Marginal note:Definitions
  • 206.5 (1) The following definitions apply in this section.

    “child”

    « enfant »

    “child” means a person who is under 18 years of age.

    “crime”

    « crime »

    “crime” means an offence under the Criminal Code, other than one that is excluded by the regulations.

    “parent”

    « parent »

    “parent” with respect to a child, means a person who, in law, is a parent (including an adoptive parent), has the custody of or, in Quebec, parental authority over the child, or is the guardian of or, in Quebec, the tutor to the person of the child, or with whom the child is placed for the purposes of adoption under the laws governing adoption in the province in which the person resides.

  • Marginal note:Leave  —  104 weeks

    (2) Every employee who has completed six consecutive months of continuous employment with an employer is entitled to and shall be granted a leave of absence from employment of up to 104 weeks if the employee is the parent of a child who has died and it is probable, considering the circumstances, that the child died as a result of a crime.

  • Marginal note:Leave  —  52 weeks

    (3) Every employee who has completed six consecutive months of continuous employment with an employer is entitled to and shall be granted a leave of absence from employment of up to 52 weeks if the employee is the parent of a child who has disappeared and it is probable, considering the circumstances, that the child disappeared as a result of a crime.

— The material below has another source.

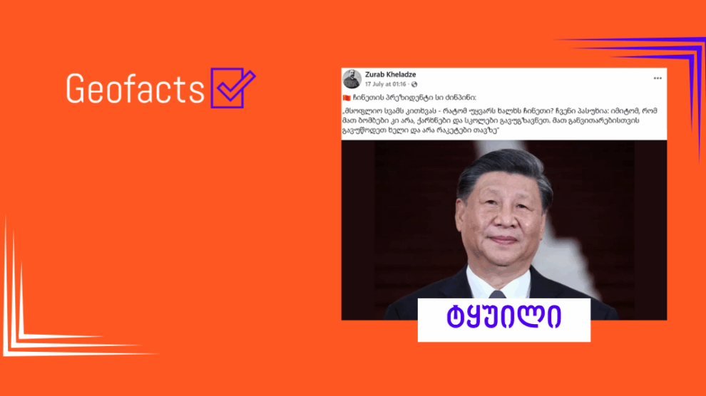 ამის საპირისპიროდ კი, ჩინეთის პრეზიდენტის მსგავსი ციტატა არ გვხვდება ჩინეთის მთავრობასთან აფილირებულ მედია-საშუალებებში (Xinhua News Agency, People’s Daily, CGTN). ამდენად, გავრცელებული ციტატის ნამდვილობა არ დასტურდება.

  • Marginal note:Exception

    (4) An employee is not entitled to a leave of absence if the employee is charged with the crime or it is probable, considering the circumstances, that the child was a party to the crime.

  • Marginal note:Period when leave may be taken

    (5) The period during which the employee may take a leave of absence

    • (a) begins on the day on which the death or disappearance, as the case may be, occurs; and

    • (b) ends

      • (i) in the case of leave under subsection (2), 104 weeks after the day on which the death occurs, or

      • (ii) in the case of leave under subsection (3), 52 weeks after the day on which the disappearance occurs.

  • Marginal note:Disappearance of child

    (6) Despite paragraph (5)(b), in the case of a child who disappears and who is subsequently found, the period referred to in subsection (5) ends

    • (a) 14 days after the day on which the child is found, if the child is found during the 52-week period, but no later than the end of the 52-week period; or

    • (b) 104 weeks after the day on which the disappearance occurs if subsection (2) applies to the child.

  • Marginal note:Clarification

    (7) For greater certainty, a leave under this section ends on the day on which the circumstances are such that it is no longer probable that the death or disappearance was the result of a crime.

  • Marginal note:Aggregate leave  —  employees

    (8) The aggregate amount of leave that may be taken by employees under this section in respect of the same death or disappearance of a child — or the same children who die or disappear as a result of the same event — must not exceed 104 weeks in the case of a death or 52 weeks in the case of a disappearance.